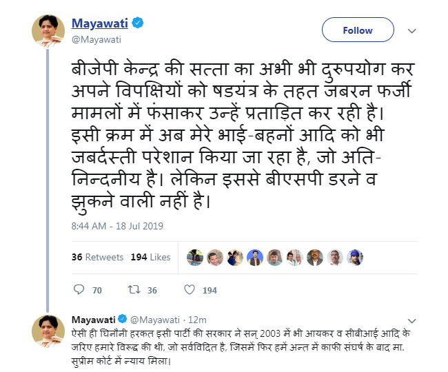 भाई आनंद कुमार पर आयकर विभाग का शिकंजा करने पर मायावती ने भाजपा की कड़ी आलोचना की है। मायावती ने ट्विटर पर कहा कि भाजपा केंद्र की सत्ता का दुरुपयोग कर अपने विपक्षियों को षडयंत्र के तहत जबरन फर्जी मामलों में फंसाकर उन्हें प्रताड़ित कर रही है। इसी क्रम में भाई आनंद को भी परेशान किया जा रहा है। मायावती ने कहा कि ऐसी ही कार्रवाई भाजपा पहले भी कर चुकी है। सुप्रीम कोर्ट से आखिरकार उन्हें न्याय मिला।
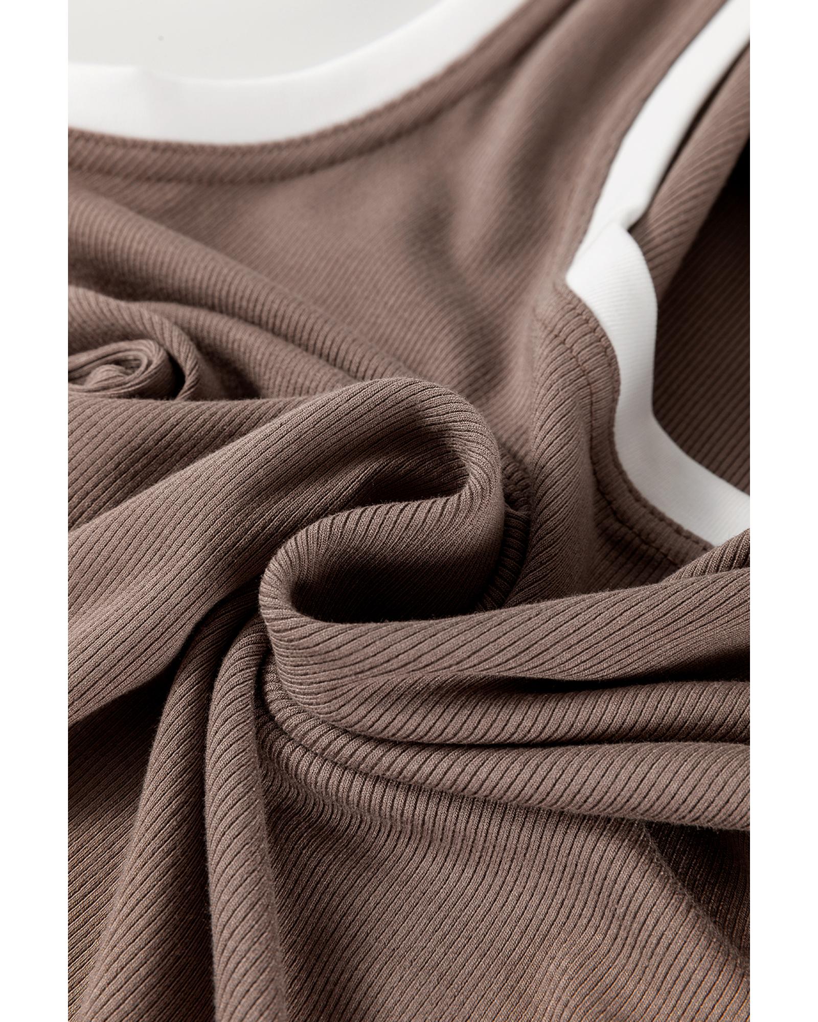 Smoke Gray Ribbed Knit Colorblock Edge U Neck Slim Fit Tank Top – L
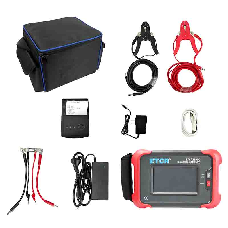 ETCR3690C手持式回路電阻測試儀由主機、監控軟件、測試線、電源適配器、USB通訊線等組成。儀表可存儲測試1000組數據,用戶可通過藍牙通訊讀取數據記錄,也可通過USB接口及上位機軟件將數據記錄上傳電腦,進行歷史數據讀取、查閱、保存等功能。儀表配置熱敏式打印機,可在現場打印測試結果。
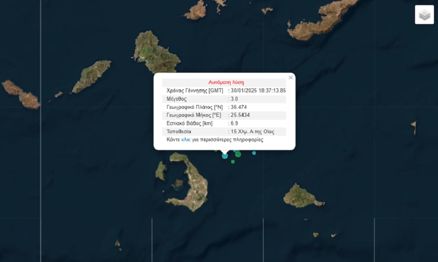 Δεν έχει σταματήσει να δονείται η Σαντορίνη από τους τεκτονικούς σεισμούς. Το βράδυ της Πέμπτης και συγκεκριμένα στις 20:37 σημειώθηκε σεισμός 3 ρίχτερ με επίκεντρο 15 Χλμ. ανατολικά της Οίας. Το εστιακό βάθος του σεισμού ήταν 6,9 χλμ, ενώ νωρίτερα στις 19:54 είχαμε σεισμό 2,4 ρίχτερ, 2,6 ρίχτερ στις 19:16 και 3,1 ρίχτερ στις 12:30 το μεσημέρι.
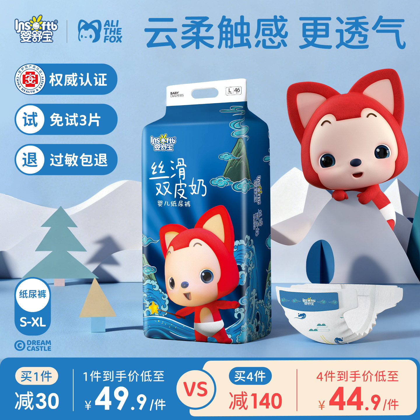 婴舒宝阿狸双皮奶超薄透气干爽新生婴儿纸尿裤s小码宝宝xl尿不湿
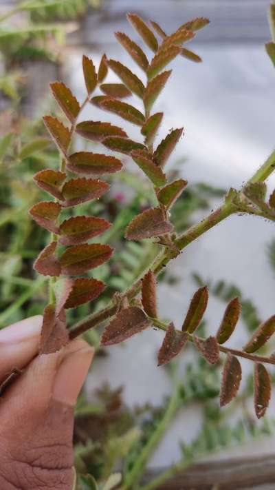 Hi Ashvinbhai Patoliya. It looks like Phosphorus Deficiency . Click on green link for checking symptoms and taking control measures from Plantix library.
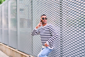 Serious African American man having phone call looking away standing and leaning on wall near building in city on sunny day
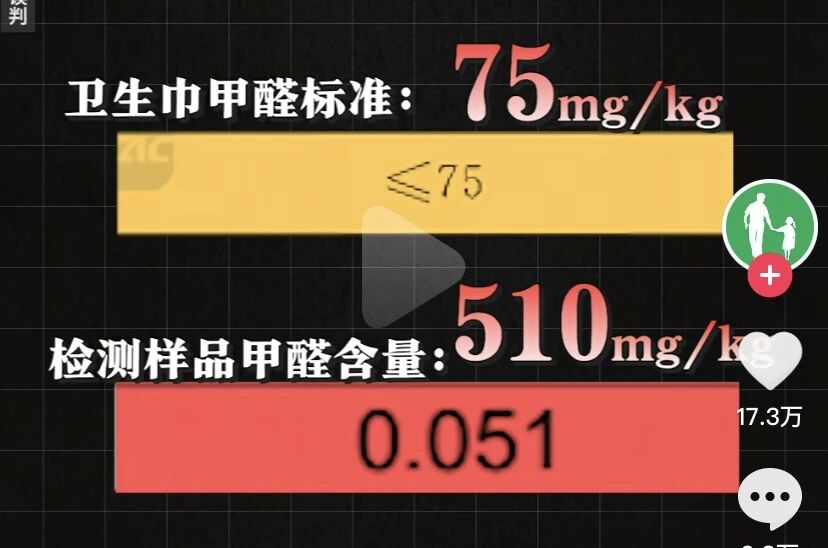 结果,有1款检出甲醛510 mg/kg,参考外阴接触的卫生巾国标≤75 mg/kg,超标近7倍;好家伙,相当于每天在用福尔马林湿敷。
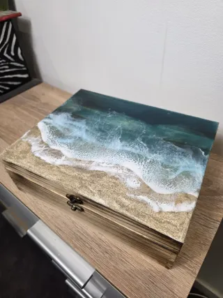 Joyero de 28x30 cm, totalmente artesanal de.resina epoxi sobre madera tratada. Nuevo sin utilizar.
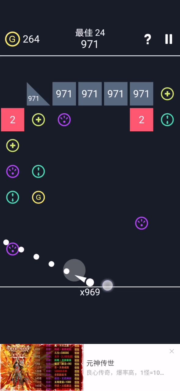 之前我玩过一个版本,弹的太久可以一键全部回收,收集到的钱还可以买球的皮肤,球的皮肤还有大有小的
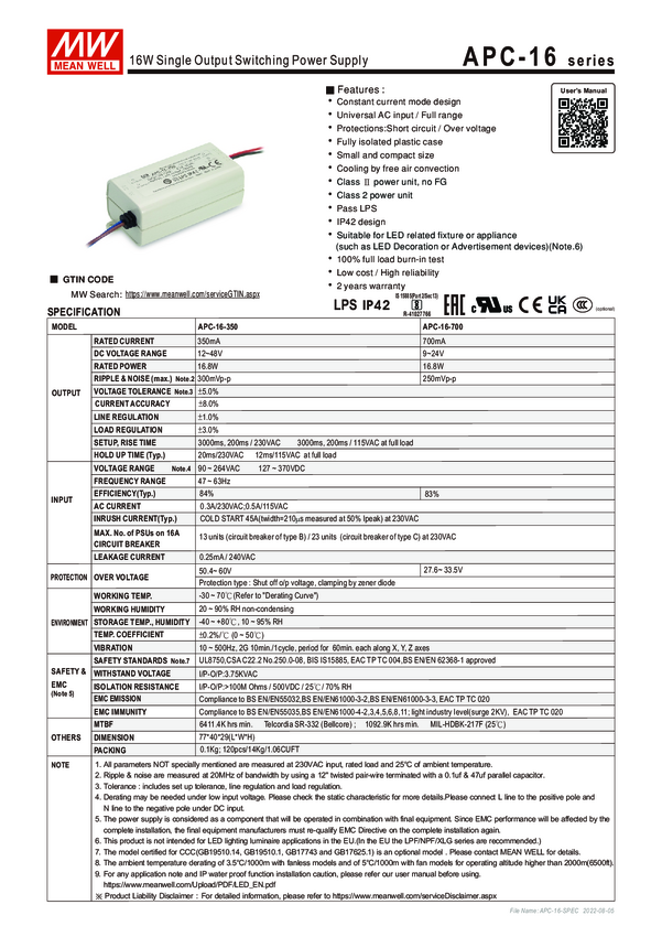 APC-16-350 MEAN WELL APC-16-350, N/A, multikolor

==============================

Each line of the records above must be repeated exactly, but no picture belongs in the copy.

 भाई आनंद कुमार पर आयकर विभाग का शिकंजा करने पर मायावती ने भाजपा की कड़ी आलोचना की है। मायावती ने ट्विटर पर कहा कि भाजपा केंद्र की सत्ता का दुरुपयोग कर अपने विपक्षियों को षडयंत्र के तहत जबरन फर्जी मामलों में फंसाकर उन्हें प्रताड़ित कर रही है। इसी क्रम में भाई आनंद को भी परेशान किया जा रहा है। मायावती ने कहा कि ऐसी ही कार्रवाई भाजपा पहले भी कर चुकी है। सुप्रीम कोर्ट से आखिरकार उन्हें न्याय मिला।
 Smoke Gray Ribbed Knit Colorblock Edge U Neck Slim Fit Tank Top – L
 ETCR3690C手持式回路電阻測試儀由主機、監控軟件、測試線、電源適配器、USB通訊線等組成。儀表可存儲測試1000組數據,用戶可通過藍牙通訊讀取數據記錄,也可通過USB接口及上位機軟件將數據記錄上傳電腦,進行歷史數據讀取、查閱、保存等功能。儀表配置熱敏式打印機,可在現場打印測試結果。
 Δεν έχει σταματήσει να δονείται η Σαντορίνη από τους τεκτονικούς σεισμούς. Το βράδυ της Πέμπτης και συγκεκριμένα στις 20:37 σημειώθηκε σεισμός 3 ρίχτερ με επίκεντρο 15 Χλμ. ανατολικά της Οίας. Το εστιακό βάθος του σεισμού ήταν 6,9 χλμ, ενώ νωρίτερα στις 19:54 είχαμε σεισμό 2,4 ρίχτερ, 2,6 ρίχτερ στις 19:16 και 3,1 ρίχτερ στις 12:30 το μεσημέρι.
 婴舒宝阿狸双皮奶超薄透气干爽新生婴儿纸尿裤s小码宝宝xl尿不湿
 Hi Ashvinbhai Patoliya. It looks like Phosphorus Deficiency . Click on green link for checking symptoms and taking control measures from Plantix library.
 Serious African American man having phone call looking away standing and leaning on wall near building in city on sunny day
 结果,有1款检出甲醛510 mg/kg,参考外阴接触的卫生巾国标≤75 mg/kg,超标近7倍;好家伙,相当于每天在用福尔马林湿敷。
 Joyero de 28x30 cm, totalmente artesanal de.resina epoxi sobre madera tratada. Nuevo sin utilizar.
 之前我玩过一个版本,弹的太久可以一键全部回收,收集到的钱还可以买球的皮肤,球的皮肤还有大有小的
 APC-16-350 MEAN WELL APC-16-350, N/A, multikolor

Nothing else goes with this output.